--- INFORMATION SHOWN ---

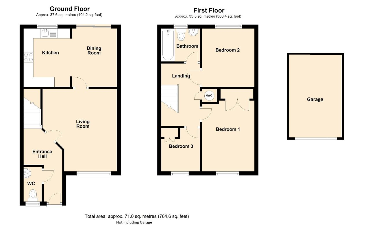 The stairs take you to the first floor landing with airing cupboard, loft access and doors communicating off. The property has three bedroom, two of which are double rooms and all being conveniently fitted with wardrobes. The single room is a lovely children's bedroom , again with a built in wardrobe, and would also be ideal as an office or study as required. The family bathroom has been re-fitted to offer a bath with shower and fitted screen, WC and wash hand basin. It is tiled throughout and has a double glazed window to the rear.
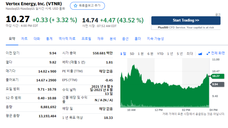 [미국 주식] Vertex Energy, Inc. (VTNR,버텍스 에너지) 주가가 급등한 이유는?
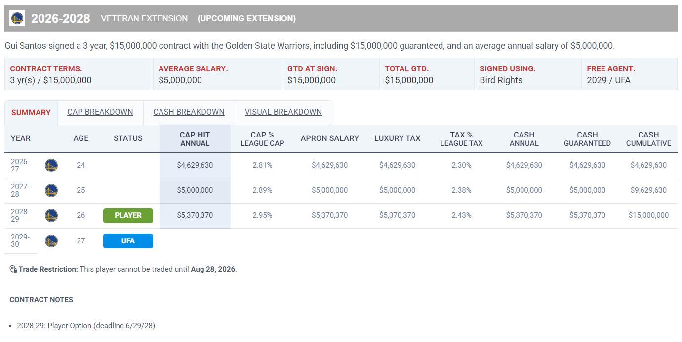 早些時候勇士與桑托斯提前續約三年1500萬,下賽季桑托斯的薪水上浮到462萬,28-29賽季是桑托斯的球員選項,桑托斯才23歲勇士這份續約合同贏麻了。
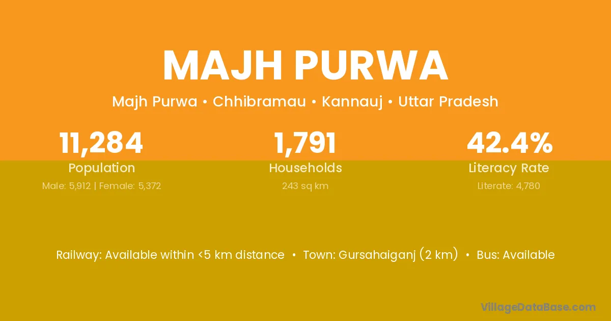 Gursahaiganj (2 km) is the nearest town to Majh Purwa village for major economic activities and is located approximately 2 km away.
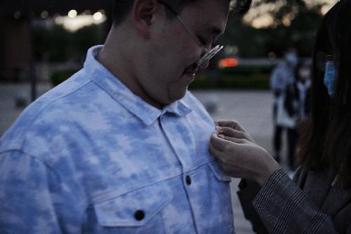 活动第第二部分,重温入团仪式。在校本部西门的初心广场“不忘初心”彩车前,乱交 分团委带领广大团员重温了入团仪式,并为今年新发展团员佩戴了团徽。新老团员一同奏唱嘹亮的国歌,重温了入团的庄严誓词,新老团员代表分别发言,老团员为新团员佩戴团徽。仪式在充满朝气的团歌中结束。
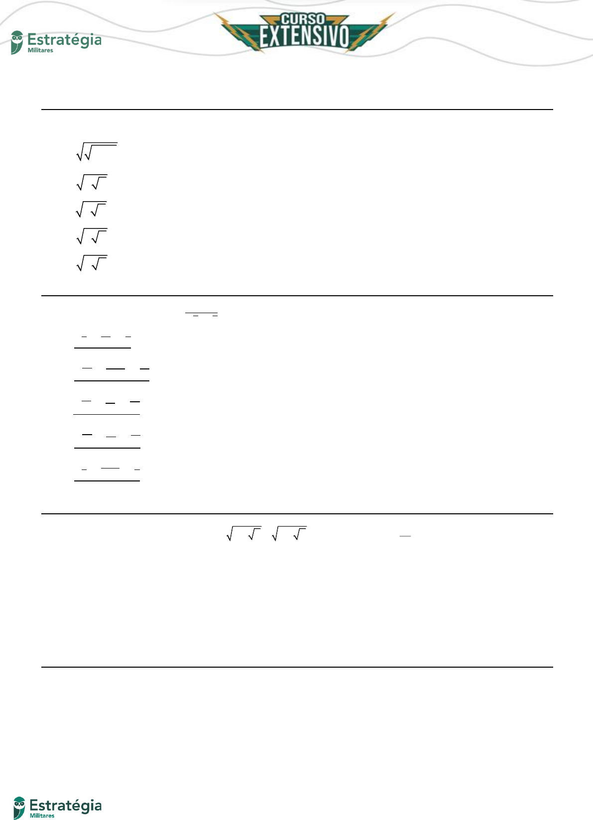 28 Prof. Ismael Santos AULA 03 – NÚMEROS IRRACIONAIS; RACIONALIZAÇÃO; RADICAL DUPLO 26. (Ufc 2007) Dentre as alternativas a seguir, marque aquela que contém o maior número. a) 3 (5.6) b) 36 5 c) 35 6 d) 3 5 6 e) 3 6 5 27. (Utfpr 2007) A expressão 𝟏 √𝒙 𝟑 − √𝒚 𝟑 é igual a: a) √𝒙 𝟑 + √𝒙𝒚 𝟑 + √𝒚 𝟑 𝒙−𝒚 b) √𝒙𝟐 𝟑 − √𝒙𝟐𝒚𝟐 𝟑 + √𝒚𝟐 𝟑 𝒙−𝒚 c) √𝒙𝟐 𝟑 + √𝒙𝒚 𝟑 + √𝒚𝟐 𝟑 𝒙−𝒚 d) √𝒙𝟐 𝟑 − √𝒙𝒚 𝟑 + √𝒚𝟐 𝟑 𝒙+𝒚 e) √𝒙 𝟑 − √𝒙𝟐𝒚𝟐 𝟑 − √𝒚 𝟑 𝒙+𝒚 28. (Cftmg 2007) Seja a expressão x = 3 5 3 5+ + − , então, o valor de 2x 5 é a) 2 b) 3 c) 5 d) 10 29 Prof. Ismael Santos AULA 03 – NÚMEROS IRRACIONAIS; RACIONALIZAÇÃO; RADICAL DUPLO 29. (Unifesp 2008) Se 0 < a < b, racionalizando o denominador, tem-se que 1 b a . b aa b − = −+ Assim O valor da soma 𝟏 𝟏+√𝟐 + 𝟏 √𝟐+√𝟑 + 𝟏 √𝟑+√𝟒 +. . . + 𝟏 √𝟗𝟗𝟗+√𝟏𝟎𝟎𝟎 é: a) 𝟏𝟎√𝟏𝟎− 𝟏. b) 𝟏𝟎√𝟏𝟎. c) 𝟗𝟗. d) 100. e) 101. 30. (Cftce 2005) Racionalizando o denominador da fração n 2n a. b b , obtemos: a) n 2na. b b + b) n 2na. b b − c) n 1na. b b − d) n 1n 2 a. b b + e) a . n b 31. (Ita 2005) Sobre o número x = [√(7 − 4√𝟑)]+√𝟑 é correto afirmar que a) x ∈ ] 0, 2 [. b) x é racional. d) x2 é irracional. e) x ∈ ] 2; 3 [. 32. (Cftce 2005) A expressão 3 x y y x , com x > 0 e y > 0, é igual a: 30 Prof. Ismael Santos AULA 03 – NÚMEROS IRRACIONAIS; RACIONALIZAÇÃO; RADICAL DUPLO a) 6 y x b) 3 xy c) x y d) 3 x y e) 6 x y 33. (Ufc 2004) O valor exato de 32 10 7 32 10 7+ + − é: a) 12 b) 11 c) 10 d) 9 e) 8 34. (CN 1982) Efetuando √ 𝟐+√𝟑 𝟐−√𝟑 + √ 𝟐−√𝟑 𝟐+√𝟑 , obtém-se: a) 𝟒 b) √𝟑 c) √𝟐 d) 𝟐 𝟑 e) 1 35. (CN 1981) 3 10 6 3+ é igual a: a) 1 7+ b) 1 6+ c) 1 5+ d) 1 3+

---

Only lines belong in the copy, not pictures: write out exactly the lines of the records from the first through the one holding "Gursahaiganj (2 km)".

 The stairs take you to the first floor landing with airing cupboard, loft access and doors communicating off. The property has three bedroom, two of which are double rooms and all being conveniently fitted with wardrobes. The single room is a lovely children's bedroom , again with a built in wardrobe, and would also be ideal as an office or study as required. The family bathroom has been re-fitted to offer a bath with shower and fitted screen, WC and wash hand basin. It is tiled throughout and has a double glazed window to the rear.
 [미국 주식] Vertex Energy, Inc. (VTNR,버텍스 에너지) 주가가 급등한 이유는?
 早些時候勇士與桑托斯提前續約三年1500萬,下賽季桑托斯的薪水上浮到462萬,28-29賽季是桑托斯的球員選項,桑托斯才23歲勇士這份續約合同贏麻了。
 Gursahaiganj (2 km) is the nearest town to Majh Purwa village for major economic activities and is located approximately 2 km away.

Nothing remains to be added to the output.